Project lead Kai Bauer has published a presentation where the concept seems to follow the easy-to-understand energy labels you see when buying white goods.

It’s worth mentioning that regional airline flybe did this fifteen years ago when it put an ‘eco label’ on its aircraft (see above image).

With the evidence being that the travelling public wants to make more sustainable choices, except more of this.

At the same time, 2023 will see a green rating for airline suppliers, such as catering, amenity kits and blankets.

This comes as industry body APEX/IFSA announced that this year it would be launching a green rating scheme .

A passenger can’t tell the difference between a flight operated with Sustainable Aviation Fuel (SAF), or normal fuels. But s/he does notice what goes on in the cabin.

When an airline like Alaska Airlines substitutes plastic bottles for boxed water, it’s immediately visible.

As a result, in-cabin sustainability is the headline that trails other environmental initiatives. It signposts that there is more going on in other areas.

In 2023 we expect to see more of a focus on this area.

This comes as different countries are penalising the use of single-use plastics. For example, France has initiated what’s been called a “fast food revolution” by banning single-use plastic restaurant tableware.

Airlines will follow suit and increasingly phase out single-use plastics. Also, expect to see sustainability become a big factor in amenity kits, an area we covered in an article in the Autumn .

Overall this trend will be given a boost by the introduction of the APEX/IFSA green supplier rating, which we mentioned in the previous section.

The other element of in-flight sustainability relates to airline seats. This was a topic covered in the Sustainability in the Air podcast when SimpliFlying CEO Shashank Nigam spoke to Dr Mark Hiller , the CEO of Recaro Aircraft Seating.

Lighter seats can save CO2, and materials such as E-Leather are increasingly being used in their manufacture.
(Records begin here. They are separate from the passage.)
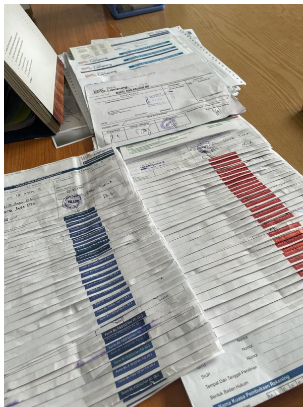
Gambar 4.2.2 Tampilan Arsip yang belum tersusun dengan rapi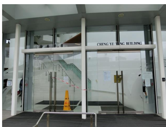
③ 会場となる鄭裕彤樓(Cheng Yu Tung Building)とその入口の外観 ※会場となる建物の隣に「香港凱悅酒店(沙田)」 (ハイアットリージェンシー香港シャーティン(沙田))があります。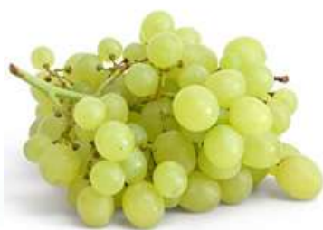
Б – Виноград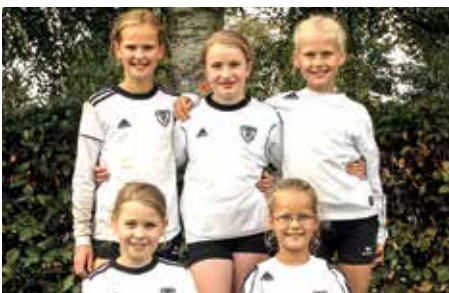
TV Brettorf - 3. Platz.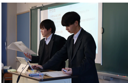
地探IIの生徒による司会進行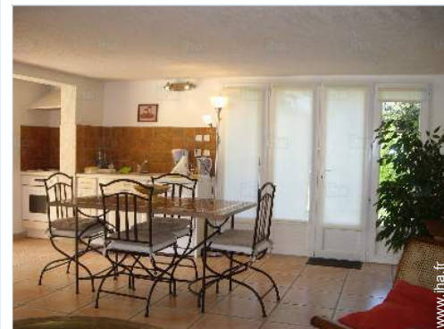
vue depuis le salon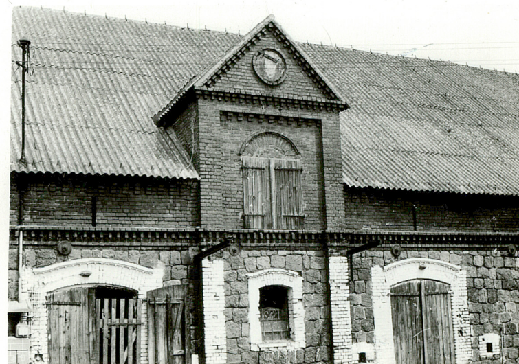
Fot.3. Ryzalit środkowy w elewacji frontowej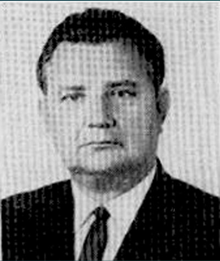
Криулин Глеб Александрович (1923–1988)

Советский государственный и партийный деятель, дипломат. Первый секретарь Могилёвского обкома Компартии Беларуси (1964–1974), Чрезвычайный и Полномочный Посол СССР.

We’ve added this final trend as a wild card. It relates to solar geo-engineering. The radical idea is that as the planet heats, and we are no closer to 1.5 degrees, we’ll have to undertake what are called “climate interventions.”

This would most likely involve releasing particles in the atmosphere that then reflect sunlight.

To say that this topic is controversial is almost an understatement.

Nevertheless, Michael Campos of Energy Impact Partners sees it as evolving from an idea that raises serious concerns to one that’s starting to gain traction.

Indeed, human intervention in the climate is already happening right now. For example, in 2021, Forbes reported that the UAE Emirate of Dubai was using “laser drones to shock rainwater out of the sky.”

One start-up has already carried out trials where sulphur particles were released into the atmosphere from a balloon in Mexico. Make Sunsets , which has almost $1 million in seed funding, intends to carry out further flights and is selling so-called “cooling credits,”

Costing $10, each credit will allow for the release of a gram of particles into the atmosphere, which the company says is enough to offset the warming effect of a ton of carbon a year.

We’re aware that Make Sunsets is interested in working with airlines and selling them credits.

Whether carriers find this idea too controversial and early stage or not, we’ll be hearing more about solar geo-engineering in 2023. Make Sunsets also won’t be the last startup like this offering these kinds of credits.